In [1]:
from scipy import *
from matplotlib.pyplot import *
from scipy.linalg import *
from numpy.linalg import *
import FNC
In [2]:
# This (optional) block is for improving the display of plots.
from IPython.display import set_matplotlib_formats
set_matplotlib_formats("svg","pdf")
rcParams["figure.figsize"] = [7,4]
rcParams["lines.linewidth"] = 2
rcParams["lines.markersize"] = 4
rcParams['animation.html'] = "jshtml" # or try "html5"

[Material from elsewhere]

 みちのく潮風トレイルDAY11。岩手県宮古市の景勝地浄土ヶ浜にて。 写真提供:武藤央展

Here are 5-year averages of the worldwide temperature anomaly as compared to the 1951-1980 average (source: NASA).
In [3]:
year = arange(1955,2005,5)
y = array([ -0.0480, -0.0180, -0.0360, -0.0120, -0.0040,
0.1180, 0.2100, 0.3320, 0.3340, 0.4560 ])
fig,ax = subplots()
ax.scatter(year,y,color="k",label="data")
xlabel("year")
ylabel("anomaly (degrees C)")
title("World temperature anomaly");
A polynomial interpolant can be used to fit the data. Here we build one using a Vandermonde matrix. First, though, we express time as decades since 1950, as it improves the condition number of the matrix.
In [4]:
t = (year-1950)/10
V = vander(t)
c = solve(V,y)
p = poly1d(c)
tt = linspace(1955,2000,500)
ax.plot(tt,p((tt-1950)/10),label="interpolant")
ax.legend();
fig
Out[4]:
As you can see, the interpolant does represent the data, in a sense. However it's a crazy-looking curve for the application. Trying too hard to reproduce all the data exactly is known as overfitting.

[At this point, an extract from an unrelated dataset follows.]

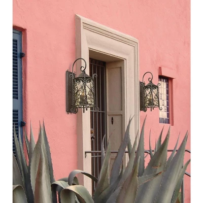 Add a touch of classic Spanish style to your home with this fixture. From the Casa Seville collection, this charming outdoor wall light serves as a warm accent piece. It comes in a classy design with champagne water glass, covered with a dark walnut frame with decorative scrolls and metal twist details.

Here are the 5-year temperature averages again.
In [5]:
year = arange(1955,2005,5)
y = array([ -0.0480, -0.0180, -0.0360, -0.0120, -0.0040,
0.1180, 0.2100, 0.3320, 0.3340, 0.4560 ])
t = (year-1950)/10
The standard best-fit line results from using a linear polynomial that meets the least squares criterion.
In [6]:
V = [ [t[i],1] for i in range(t.size) ] # Vandermonde-ish matrix
c,res,rank,sv = lstsq(V,y)
fig,ax = subplots()
ax.scatter(year,y,color="k",label="data")
p = poly1d(c)
tt = linspace(1955,2000,500)
ax.plot(tt,p((tt-1950)/10),label="linear fit")
xlabel("year")
ylabel("anomaly (degrees C)")
title("World temperature anomaly");
ax.legend();
If we use a global cubic polynomial, the points are fit more closely.
In [7]:
V = [ [t[i]**3,t[i]**2,t[i],1] for i in range(t.size) ] # Vandermonde-ish matrix
c,res,rank,sv = lstsq(V,y,rcond=None)
p = poly1d(c)
ax.plot(tt,p((tt-1950)/10),label="cubic fit")
fig
Out[7]:
If we were to continue increasing the degree of the polynomial, the residual at the data points would get smaller, but overfitting would increase.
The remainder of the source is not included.